(Beginning of Working data)

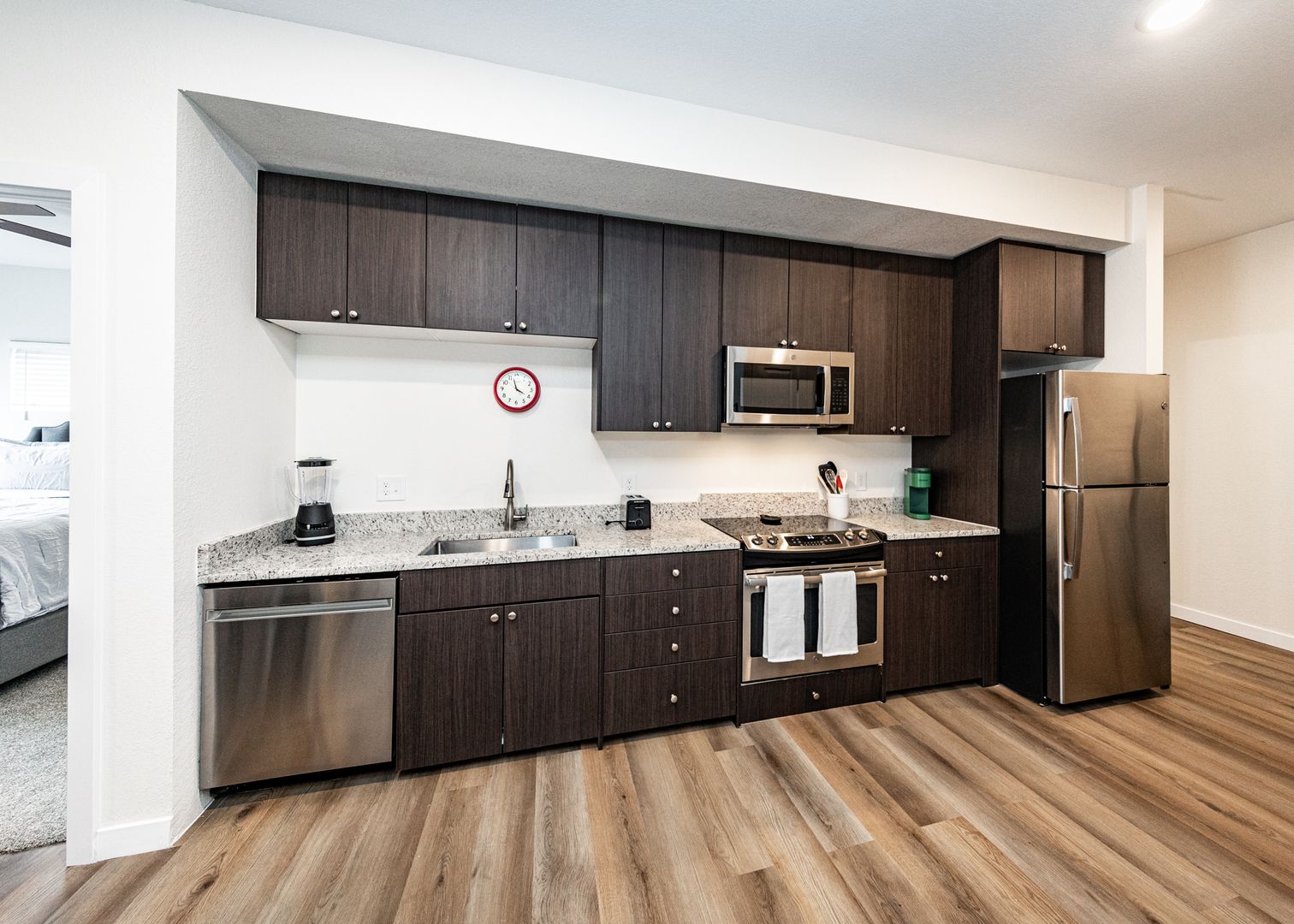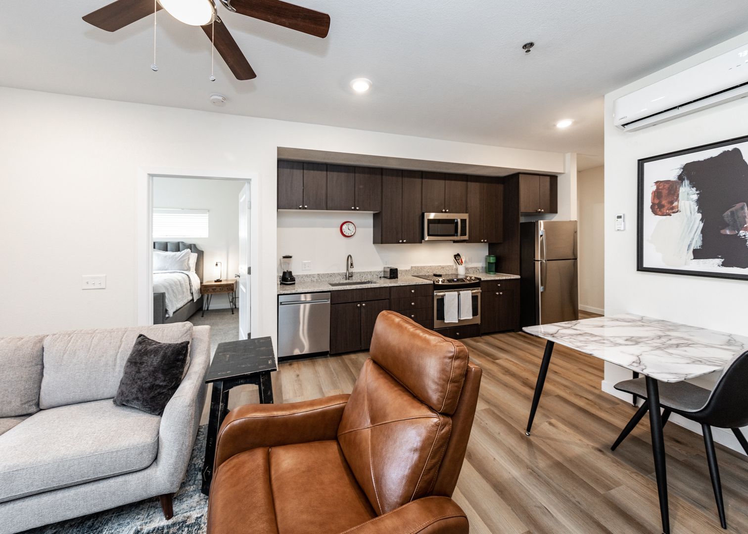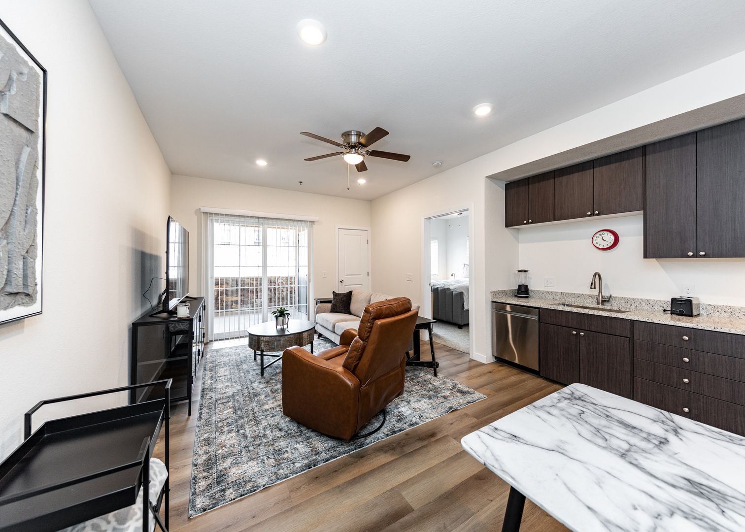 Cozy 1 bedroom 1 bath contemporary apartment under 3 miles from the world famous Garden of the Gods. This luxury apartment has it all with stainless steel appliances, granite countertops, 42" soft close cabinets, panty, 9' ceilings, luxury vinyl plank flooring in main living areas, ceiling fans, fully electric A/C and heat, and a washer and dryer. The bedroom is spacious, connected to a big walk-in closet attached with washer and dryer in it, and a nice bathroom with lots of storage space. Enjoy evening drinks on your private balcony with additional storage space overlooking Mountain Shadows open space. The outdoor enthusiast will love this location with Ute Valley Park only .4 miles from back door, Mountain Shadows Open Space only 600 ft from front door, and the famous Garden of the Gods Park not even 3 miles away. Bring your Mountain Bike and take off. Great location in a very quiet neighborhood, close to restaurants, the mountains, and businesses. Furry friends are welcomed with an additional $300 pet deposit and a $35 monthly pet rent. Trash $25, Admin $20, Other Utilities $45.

(End of Working data)
(Beginning of Working data)

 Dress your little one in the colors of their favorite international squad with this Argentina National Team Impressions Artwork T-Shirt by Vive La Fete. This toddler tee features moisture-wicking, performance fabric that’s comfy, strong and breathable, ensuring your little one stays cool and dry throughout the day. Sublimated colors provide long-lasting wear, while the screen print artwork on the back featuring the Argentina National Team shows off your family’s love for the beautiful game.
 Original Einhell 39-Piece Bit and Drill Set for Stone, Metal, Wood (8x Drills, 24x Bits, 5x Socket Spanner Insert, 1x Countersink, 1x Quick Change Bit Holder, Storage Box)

(End of Working data)

* **Task instructions**: Look above for the line holding "Dress your little". Print it and every line after it, exactly, through the line holding "Original Einhell 39-Piece".

* **Answer space**:
 Dress your little one in the colors of their favorite international squad with this Argentina National Team Impressions Artwork T-Shirt by Vive La Fete. This toddler tee features moisture-wicking, performance fabric that’s comfy, strong and breathable, ensuring your little one stays cool and dry throughout the day. Sublimated colors provide long-lasting wear, while the screen print artwork on the back featuring the Argentina National Team shows off your family’s love for the beautiful game.
 Original Einhell 39-Piece Bit and Drill Set for Stone, Metal, Wood (8x Drills, 24x Bits, 5x Socket Spanner Insert, 1x Countersink, 1x Quick Change Bit Holder, Storage Box)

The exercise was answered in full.